In her memorandum in opposition to the motion to dismiss, the plaintiff admits that her complaint alleges Rousseau and St. Augustine's Church failed to exercise the degree of care ordinarily used by "priests" and "churches." She argues, however, that § 52-123 "requires the Court to look at the substance of [the] plaintiff's complaint rather than a hypertechnical analysis of the form," and that her claims sound in simple negligence and not clergy malpractice. The plaintiff's construal of the scope of § 52-123 is impermissibly broad. Section 52-123 allows the court to correct circumstantial defects such as misnomers and misdescriptions, which are not at issue in this case, where the plaintiff simply alleges that Rousseau and St. Augustine's Church failed to exercise the degree of care ordinarily used by "priests" and "churches." The plaintiff did not erroneously misdirect its action or use a misnomer in her complaint. Accordingly, the plaintiff cannot rely on § 52-123 to support her argument that her claims sound in simple negligence rather than clergy malpractice.

B

"Malpractice is commonly defined as the failure of one rendering professional services to exercise that degree of skill and learning commonly applied under all the circumstances in the community by the average prudent reputable member of the profession with the result of injury, loss, or damage to the recipient of those services...." (Internal quotation marks omitted.) Ackerly & Brown, LLP v. Smithies, 109 Conn.App. 584, 586 n. 2, 952 A.2d 110 (2008). "`[C]ourts throughout the United States have uniformly rejected claims for clergy malpractice under the First Amendment' because such claims would `necessarily entangle the court in the examination of religious doctrine, practice, or church polityan inquiry that ... is prohibited by the Establishment Clause.'" DeCorso v. Watchtower Bible & Tract Society of New York, Inc., supra, 78 Conn.App. at 879, 829 A.2d 38, citing Franco v. Church of Jesus Christ of Latter-day Saints, 21 P.3d 198, 204 (Utah 2001).

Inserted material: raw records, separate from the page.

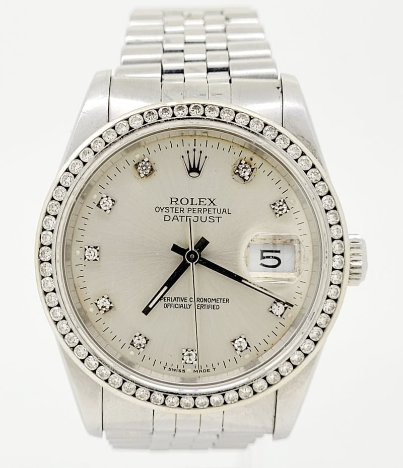 ROLEX DATEJUST STEEL WHITE GOLD DIAMOND DIAL 16234 CIRC
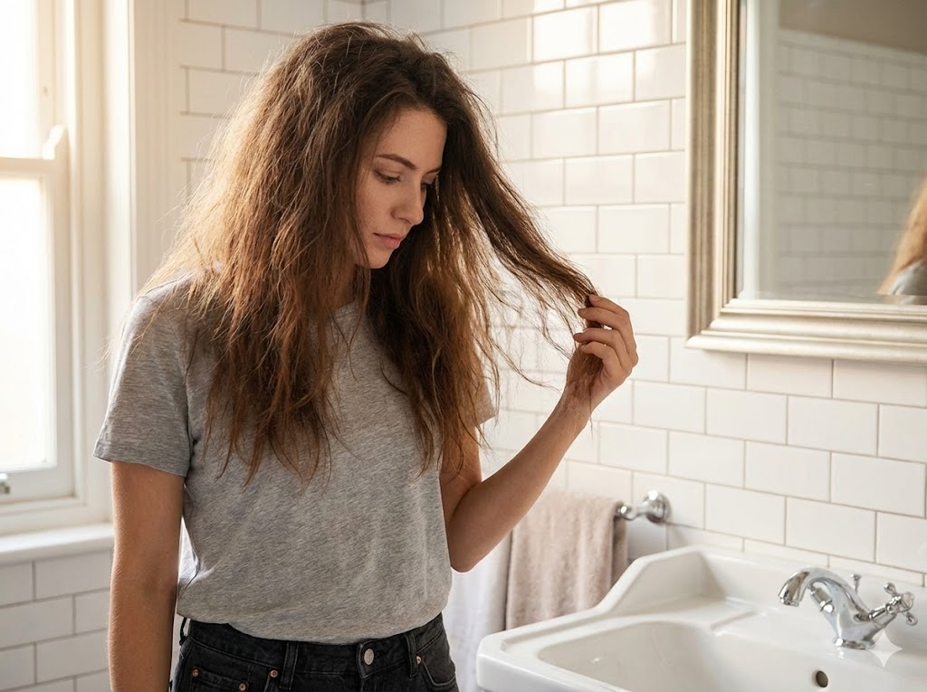 When hair is damaged, the cuticle layers lift and no longer lie flat, so light scatters instead of reflecting smoothly. The result: hair looks dull and feels coarse. I noticed my curls lost definition and my straight strands went frizzy because moisture balance broke down.
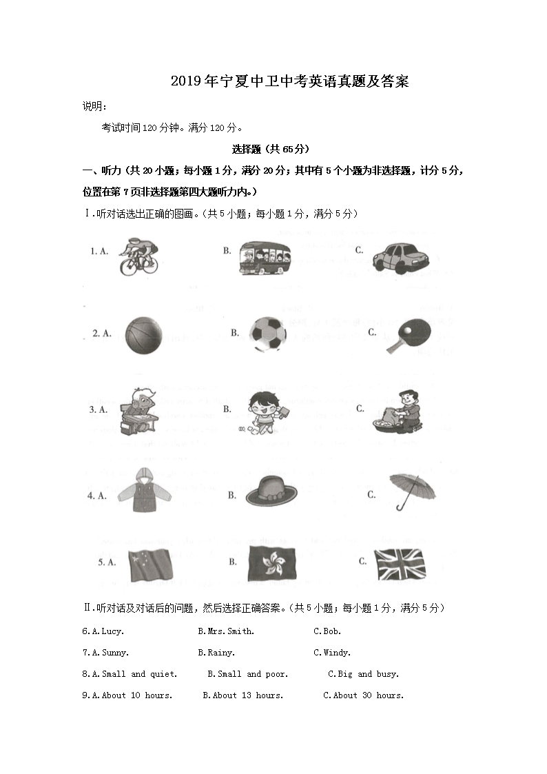 【文档名称】 2019年宁夏中卫中考英语真题及答案(Word版).doc
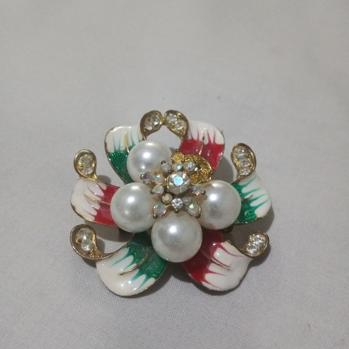 A flower-shaped brooch sits on a gray surface. The brooch features enameled petals, colored red, white, and green. Each petal is bordered in gold with small rhinestones. Faux pearls form the flower's center, surrounded by more sparkling rhinestones in a gold-toned setting.
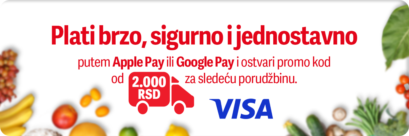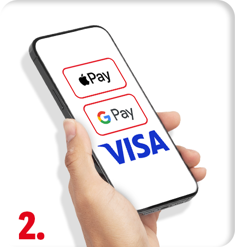 Prilikom plaćanja izaberi Apple ili Google Pay i koristi svoju VISA karticu.
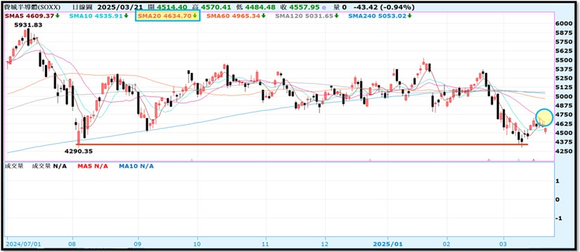 - 費城半導體本週受GTC大會迎來一波反彈但受月線壓力回檔:川普關稅保持彈性之說後,觀察下週能否站回月線

According to the plaintiff, Rousseau "[failed] to exercise that degree of care and skill ordinarily and customarily used by priests performing Catholic Charismatic *363 Renewal healing services under all of the facts and circumstances...." (Emphasis added.) She alleges that St. Augustine's Church "[failed] to exercise that degree of care and skill ordinarily and customarily used by churches performing Catholic Charismatic Renewal healing services under all of the facts and circumstances...." (Emphasis added.) She further alleges, inter alia, that all three defendants "failed to promulgate and/or enforce rules, regulations, standards and protocols for attendees such as the plaintiff"; "failed to have attendees seated or kneeling" while being prayed over; "failed to adequately train and supervise the `catchers' at the healing service"; and "failed to exercise that degree of care and skill or diligence ordinarily had by charismatic priests in the Catholic Charismatic Revival."

The plaintiff alleges that the defendants failed to carry out their duties to exercise the appropriate degree of care by charismatic priests and churches during the ritual. She argues that "[i]t is clear that [the defendants] foresaw a duty to protect people" from injuring themselves by having people stand behind healing ritual participants to catch them. In addition, she states that the church could have taken other precautions to ensure the safety of healing ritual participants, such as placing a soft object behind a participant to break their fall, providing warnings to participants about the potential dangers of "resting in the spirit," and ensuring that "catchers" were adequately supervised and trained to carry out their duties.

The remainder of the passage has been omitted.